Pour la Norvège, le défi est encore plus clair. Aucun des 7 défenseurs vus aux Jeux olympiques, n'est présent : 6 sont encore en play-offs et le vétéran Mats Trygg a eu quelques jours de repos. Or, ce pays développe très peu d'arrières et est très dépendant de quelques-uns. C'est donc le moment ou jamais de tester le grand espoir norvégien Mattias Nørstebø (18 ans), qui apparaît un peu depuis deux ans dans l'équipe d'élite suédoise Brynäs.
 
Ces lignes arrières inexpérimentées se débrouillent bien en fin de compte. Il faut dire que leur équipe domine et que les Biélorusses courbent l'échine. La Norvège connaît par moments de soudaines phases de très forte domination dans le camp adverse. C'est ce qui produit juste avant la mi-match, notamment à la faveur d'une supériorité numérique. Pénalisé pour cinglage, Oleg Goroshko a tout juste le temps de poser le pied sur la glace que Mathis Olimb ouvre le score avec l'aide d'un ricochet sur la crosse du défenseur Sergei Stas en opposition. Cinq minutes plus tard Andrei Stepanov égalise avec un tir d'une grande précision.
 
Les Norvégiens commencent la troisième période à fond, et en voyant que sa première paire défensive Stasenko-Goroshko n'a toujours pas quitté la glace après 84 secondes, Hanlon demande en criant au premier nommé s'il a besoin d'un temps mort. Le hochement de tête lui confirme que oui.
 
Si ce coaching a mis fin à une phase forte des Scandinaves, il ne reste donc plus de temps mort à deux minutes de la fin quand la même paire laisse un espace béant sur son flanc droit. Le buteur de métier Per-Åge Skrøder ne se fait pas prier pour inscrire le but gagnant. Les Biélorusses n'ont pas la bonne réaction. Au contraire, Dmitri Mialeshka prend une pénalité idiote sur une mise au jeu en zone offensive, privant son équipe de tout espoir de revenir.
 
Désignés joueurs du match : Mathis Olimb pour la Norvège et Andrei Stepanov pour le Bélarus.
 
Commentaires d'après-match
 
Glen Hanlon (entraîneur du Bélarus) : "Le succès d'une équipe dépend de trois composantes : la qualité du gardien, la discipline, et l'efficacité en powerplay. Tout allait bien pour la première composante, et presque pour la seconde. Mais en supériorité numérique, il nous reste beaucoup de travail."
 
 
Norvège - Bélarus 2-1 (0-0, 1-1, 1-0)
Mercredi 9 avril 2014 à 19h00 au Kristins Hall de Lillehammer. 561 spectateurs.

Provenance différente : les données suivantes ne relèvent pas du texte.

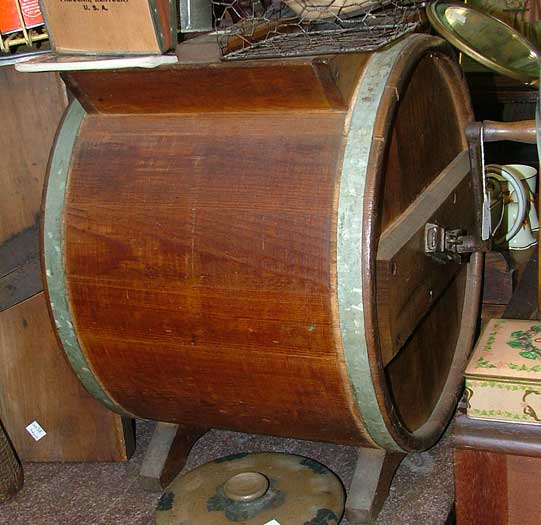 Did you notice the clothes washer? It’s a 1950s electro mite portable, electric, washing machine. The tub holds 4 gallons of water and sits in the base that is a motor that agitates the tub, washing the clothes. That’s it – add a bit of detergent to the water, add clothes, plug in and agitate – easier than a washboard!

Arbitrage de Mikael Sjöqvist (SUE) et Per Gustav Solem (NOR).
Pénalités : Norvège 10' (4', 2', 4'), Bélarus 6' (2', 2', 2').

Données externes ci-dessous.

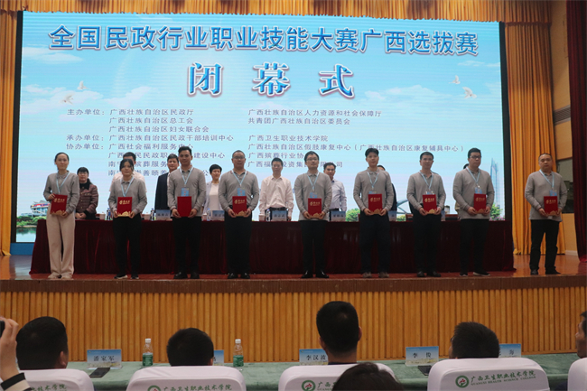 2023年11月25日,由广西民政厅、广西人力资源社会保障厅、广西总工会、共青团广西区委、广西妇联主办的全国民政行业职业技能大赛广西选拔赛圆满落幕。本次大赛为广西级一类职业技能竞赛,设置假肢装配工、矫形器装配工等5个项目,均为单人赛项。来自全区的29名选手参加了假肢、矫形器装配工职业技能选拔赛。

Tirs : Norvège 30 (9, 9, 12), Bélarus 20 (6, 9, 5).
 
Évolution du score :
1-0 à 28'58" : M. Olimb assisté de K.A. Olimb
1-1 à 33'50" : Stepanov assisté d'Ugarov et Goroshko
2-1 à 57'50" : Skrøder assisté de M. Olimb et K.A. Olimb
 
 
Norvège
 
Gardien : Lars Volden.
 
Défenseurs : Adrian Saxrud Danielsen - Mattias Nørstebø ; Erlend Lesund (+1) - Nicolai Bryhnisveen (+1) ; Emil Frøshaug (2') - Andreas Øksnes (+1, 4').
 
Attaquants : Per-Åge Skrøder (A, +2) - Ken Andre Olimb (+2) - Mathis Olimb (+2) ; Nicklas Roest (-1) - Andreas Stene (-1) - Andreas Martinsen (-1, 2') ; Fredrik Lystad Jacobsen (-1) - Mads Hansen (C) - Kristian Forsberg (A) ; Steffen Thoresen - Jonas Djupvik Løvlie - Mats Frøshaug (2').
 
Remplaçants : Tommy Johansen (G), Aleksander Reichenberg. En réserve : Aleksander Rindal, Robin Dahlstrøm.
 
Bélarus
 
Gardien : Vitali Koval [sorti de 38'58" à 40'00", de 58'35" à 58'38" et de 59'55" à 60'00"].
 
Défenseurs : Nikolaï Stasenko - Oleg Goroshko (-1, 2') ; Vladimir Denisov (A) - Ivan Usenko ; Sergei Stas (-1) - Andrei Antonov (-1) ; Andrei Filichkin - Evgeni Nogachev.
 
Attaquants : Aleksei Ugarov (C, +1) - Evgeni Kovyrshin (+1) - Andrei Stepanov (A, +1) ; Evgeni Solomonov - Nikita Osipov (-1) - Dmitri Mialeshka (2') ; Pavel Musiyenko (-1) - Sergei Drozd (-1) - Aleksei Efimenko (-2) ; Evgeni Dadonov - Artyom Volkov (2') - Anton Eliseenko.
 
Remplaçant : Kevin Lalande (G).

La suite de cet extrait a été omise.